命名体是识别后关系抽取及知识图谱扩充（第二步，关系抽取）_命名实体识别之后怎么衔接关系抽取

项目场景：

我们将数据集构建完成后，下面就需要做关系抽取，这是本项目的第二步。

关系抽取

关系抽取是为了将句子中可能存在的关系提取出来，那有人会问了，前面不是已经有结构化定义了关系了吗。前面我是假设两个不同实体之间有且仅有一种关系，但如果之后存在多种可能存在的关系那关系抽取就必不可少了，这里我只是提供最简单可跑通的技术方案，如果有更好的研究那是最好的
，并且在具体学科沉积学领域下，目前我所接触到的还是两种实体唯一关系。那我只能假设存在不同关系，进行实验，这里我一共定义四种关系unknown|0 part|1 TimSub|2 property|3，
词向量这里都换成了英文词向量，都以整理好放到GitHub中(关系抽取代码非原创，只是将中文关系抽取，替换英文词向量和项目数据集，构建出完成本项目的数据代码)传送门：原作者模型描述
传送门作者中文关系抽取源代码
因此这里只展示部分代码，具体沉积学关系抽取可移步至GitHub：https://github.com/zhichen-roger/Relationship_etract_for_Sedimentology.git
模型训练train_GRU.py

import tensorflow as tf
import numpy as np
import time
import datetime
import os
import network
from tensorflow.contrib.tensorboard.plugins import projector

FLAGS = tf.app.flags.FLAGS

tf.app.flags.DEFINE_string('summary_dir', '.', 'path to store summary')


def main(_):
    # the path to save models
    save_path = './model/'

    print('reading wordembedding')
    wordembedding = np.load('./data/vec.npy')

    print('reading training data')
    train_y = np.load('./data/train_y.npy')
    train_word = np.load('./data/train_word.npy', allow_pickle=True)
    train_pos1 = np.load('./data/train_pos1.npy', allow_pickle=True)
    train_pos2 = np.load('./data/train_pos2.npy', allow_pickle=True)

    settings = network.Settings()
    settings.vocab_size = len(wordembedding)
    settings.num_classes = len(train_y[0])

    big_num = settings.big_num

    with tf.Graph().as_default():

        sess = tf.Session()
        with sess.as_default():

            initializer = tf.contrib.layers.xavier_initializer()
            with tf.variable_scope("model", reuse=None, initializer=initializer):
                m = network.GRU(is_training=True, word_embeddings=wordembedding, settings=settings)
            global_step = tf.Variable(0, name="global_step", trainable=False)
            optimizer = tf.train.AdamOptimizer(0.0005)

            train_op = optimizer.minimize(m.final_loss, global_step=global_step)
            sess.run(tf.global_variables_initializer())
            saver = tf.train.Saver(max_to_keep=None)

            merged_summary = tf.summary.merge_all()
            summary_writer = tf.summary.FileWriter(FLAGS.summary_dir + '/train_loss', sess.graph)

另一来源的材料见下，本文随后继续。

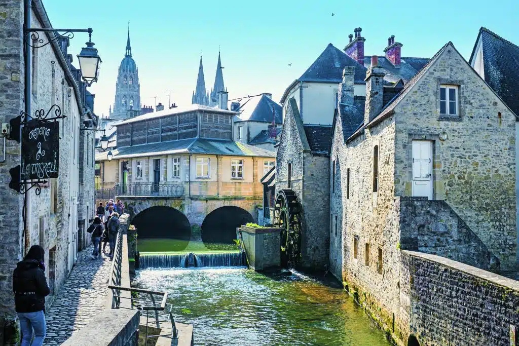 Bayeux, zehn Kilometer landeinwärts, war die erste Stadt Frankreichs, die von den Alliierten befreit wurde und die einzige Stadt der Normandie, die nicht zerstört wurde. Die herrliche Kathedrale und die prächtigen Adelspaläste haben den Krieg weitgehend unbeschädigt überstanden. Der bekannteste Schatz ist der Teppich von Bayeux. Der wertvolle Wandteppich erzählt in 58 Szenen die Eroberung Englands durch den Normannenherzog Wilhelm im 11. Jahrhundert und ist damit der erste Comic Strip der Geschichte.

            def train_step(word_batch, pos1_batch, pos2_batch, y_batch, big_num):

                feed_dict = {}
                total_shape = []
                total_num = 0
                total_word = []
                total_pos1 = []
                total_pos2 = []
                for i in range(len(word_batch)):
                    total_shape.append(total_num)
                    total_num += len(word_batch[i])
                    for word in word_batch[i]:
                        total_word.append(word)
                    for pos1 in pos1_batch[i]:
                        total_pos1.append(pos1)
                    for pos2 in pos2_batch[i]:
                        total_pos2.append(pos2)
                total_shape.append(total_num)
                total_shape = np.array(total_shape)
                total_word = np.array(total_word)
                total_pos1 = np.array(total_pos1)
                total_pos2 = np.array(total_pos2)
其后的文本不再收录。